▶ **YOUR GOAL**: Return, exactly and with nothing added, the line with "Crafted in 18k" together with all lines after it through the end of the data below. No pictures belong in the copy.

Collection entries:
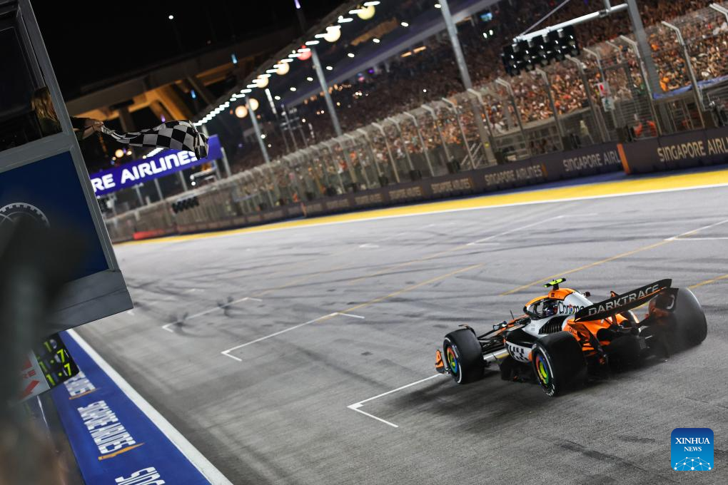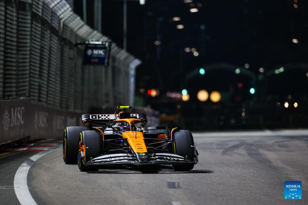 McLaren's British driver Lando Norris competes during the Formula 1 Singapore Grand Prix night race at Marina Bay Street Circuit, Singapore, Sept. 22, 2024. (Photo by Qian Jun/Xinhua)
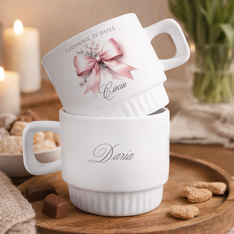 Ryflowany kubek z dedykacją dla cioci lub mamy chrzestnej to piękny prezent na wiele okazji. Personalizowany napis i subtelna grafika sprawiają, że zwykły kubek staje się pamiątką z Chrztu lub Komunii, pełną ciepła i wdzięczności.
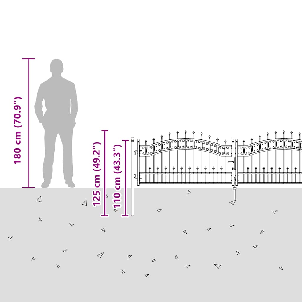 Plotová branka Kampen s kopím nahoře černá 302 x 78 cm ocel
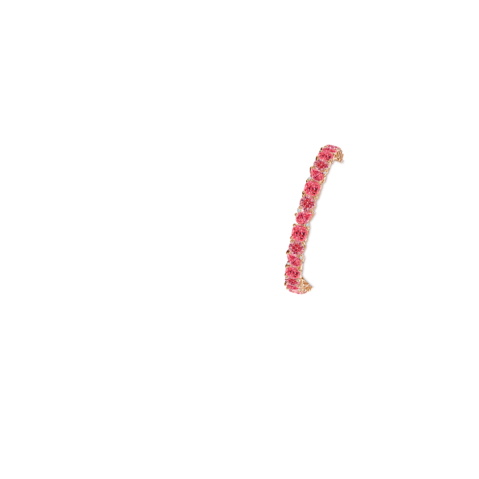 Crafted in 18k rose gold with 10 cushion lab-grown pink diamonds totaling 12.00 ct and 10 pear lab-grown pink diamonds totaling 7.10 ct, all prong set. Fancy intense color, VS clarity.
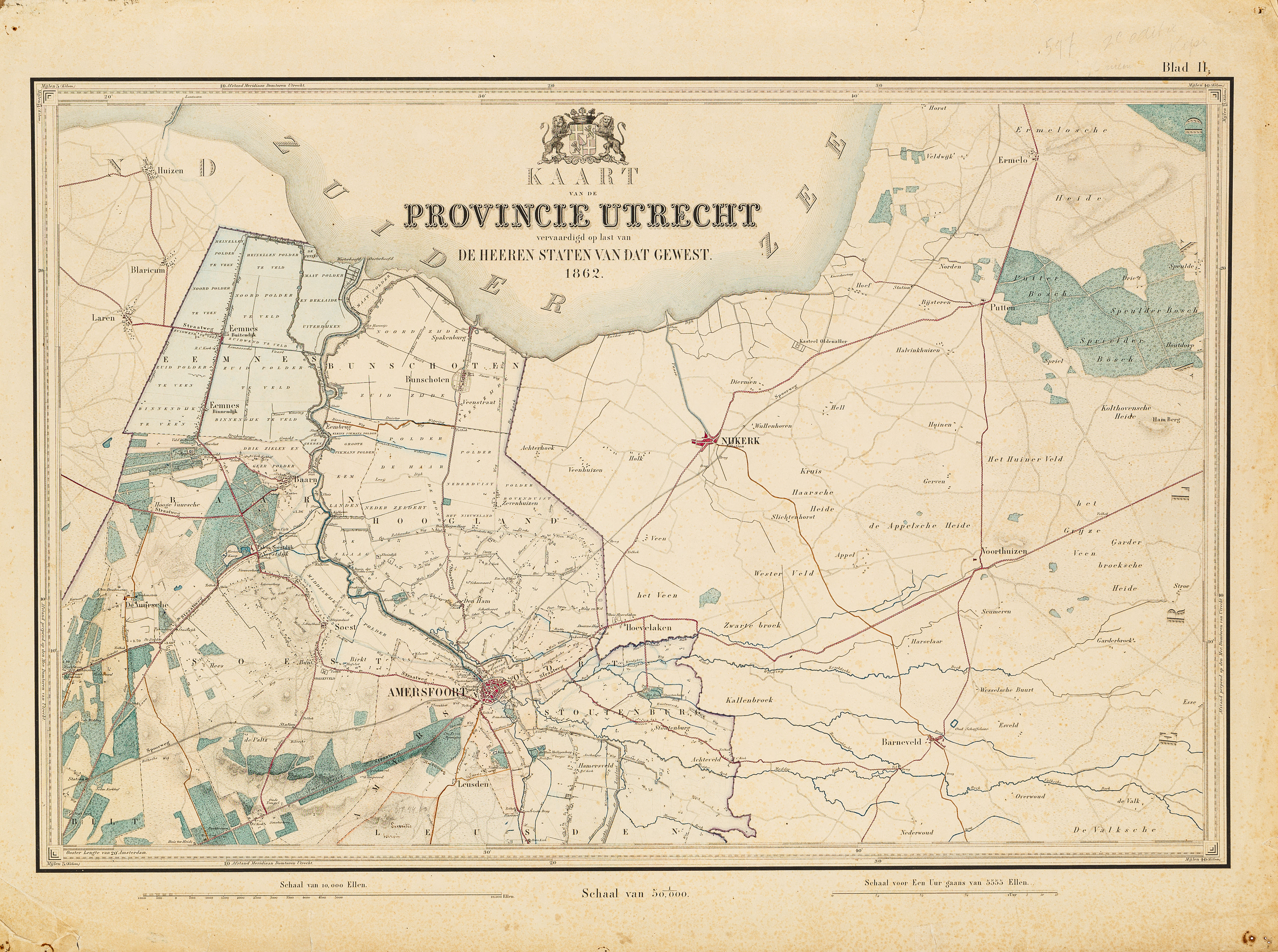 Afbeelding 1: Kaart van de Provincie Utrecht uit 1850, blad II, noordoost (Beeldbank Archief Eemland 1001_455

▶ **RESULT FOR THIS TASK**:
 Crafted in 18k rose gold with 10 cushion lab-grown pink diamonds totaling 12.00 ct and 10 pear lab-grown pink diamonds totaling 7.10 ct, all prong set. Fancy intense color, VS clarity.
 Afbeelding 1: Kaart van de Provincie Utrecht uit 1850, blad II, noordoost (Beeldbank Archief Eemland 1001_455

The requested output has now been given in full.